Starting at the line that contains "New Mojito Guayabera" and stopping after the line that contains "(1) Set the", transcribe the listing below exactly; do not include any pictures.

Material for this task:

:::::

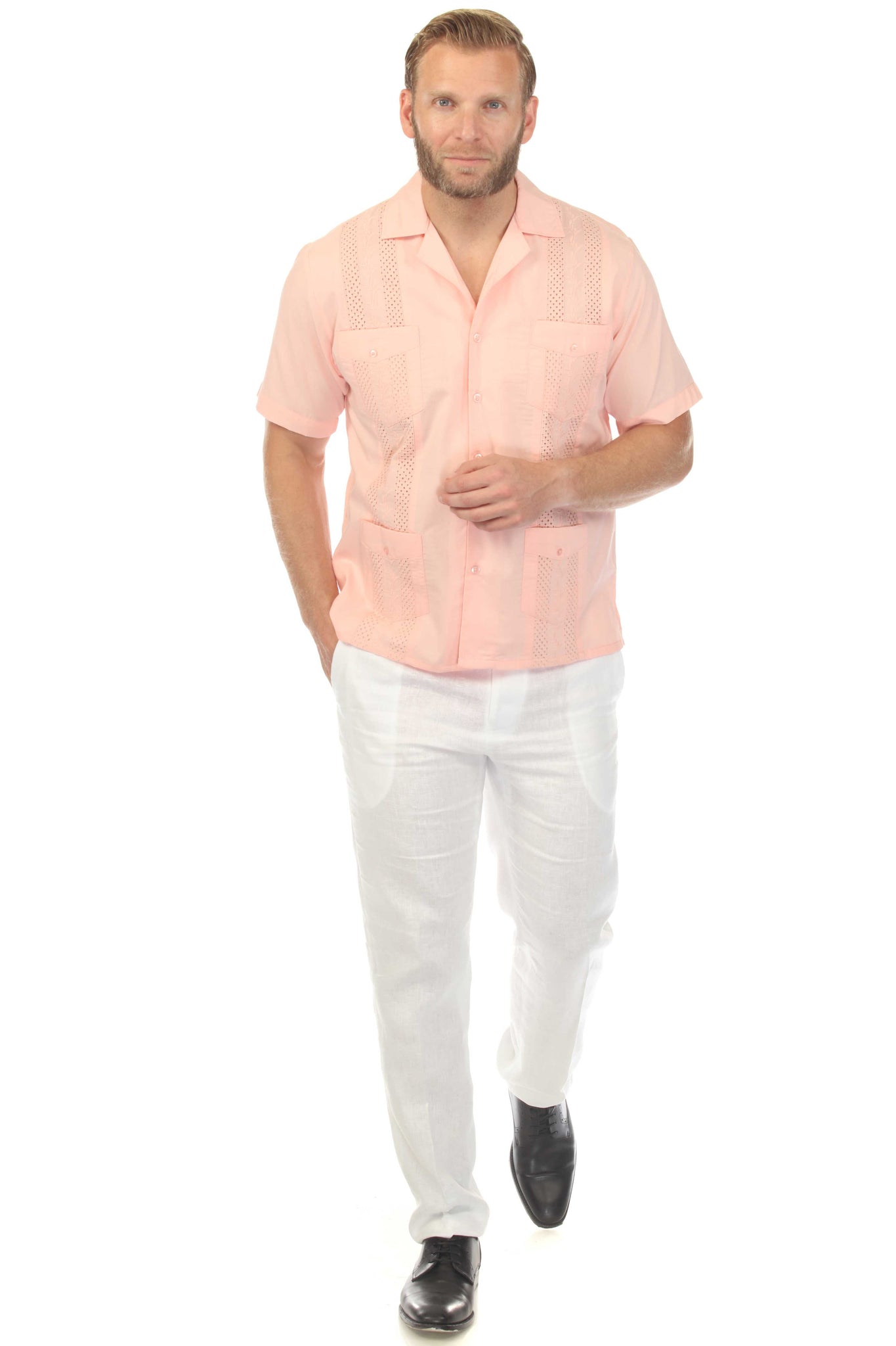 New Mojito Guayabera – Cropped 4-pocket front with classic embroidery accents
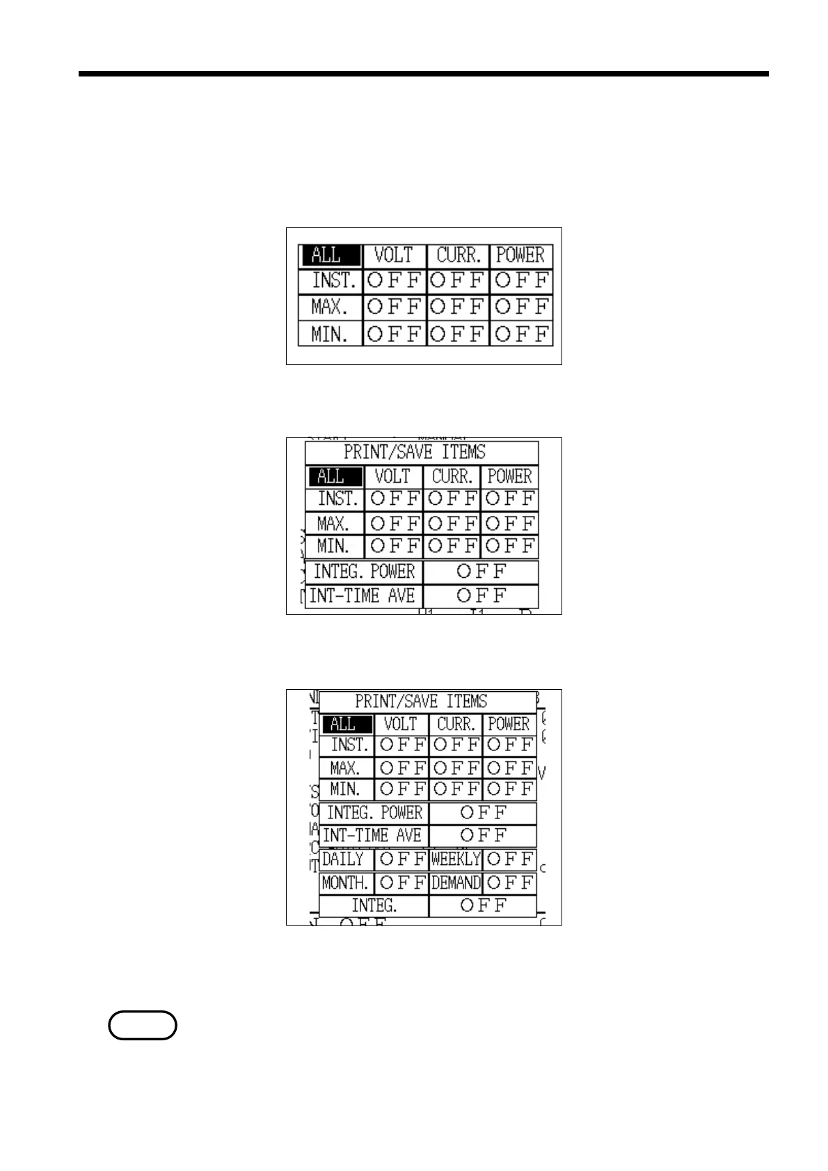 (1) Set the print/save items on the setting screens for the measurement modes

:::::

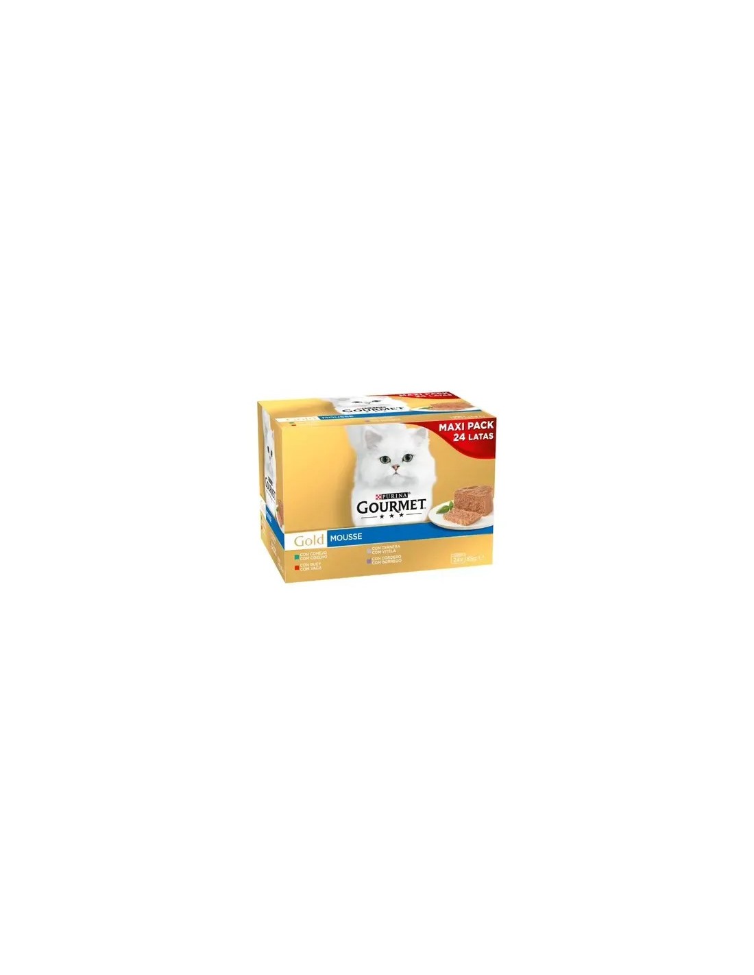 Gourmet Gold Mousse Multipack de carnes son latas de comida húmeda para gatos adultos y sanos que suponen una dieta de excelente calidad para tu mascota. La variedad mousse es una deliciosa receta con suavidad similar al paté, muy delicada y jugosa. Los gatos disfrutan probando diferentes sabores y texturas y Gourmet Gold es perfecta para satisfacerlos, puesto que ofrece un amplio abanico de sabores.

:::::

Task solution:
 New Mojito Guayabera – Cropped 4-pocket front with classic embroidery accents
 (1) Set the print/save items on the setting screens for the measurement modes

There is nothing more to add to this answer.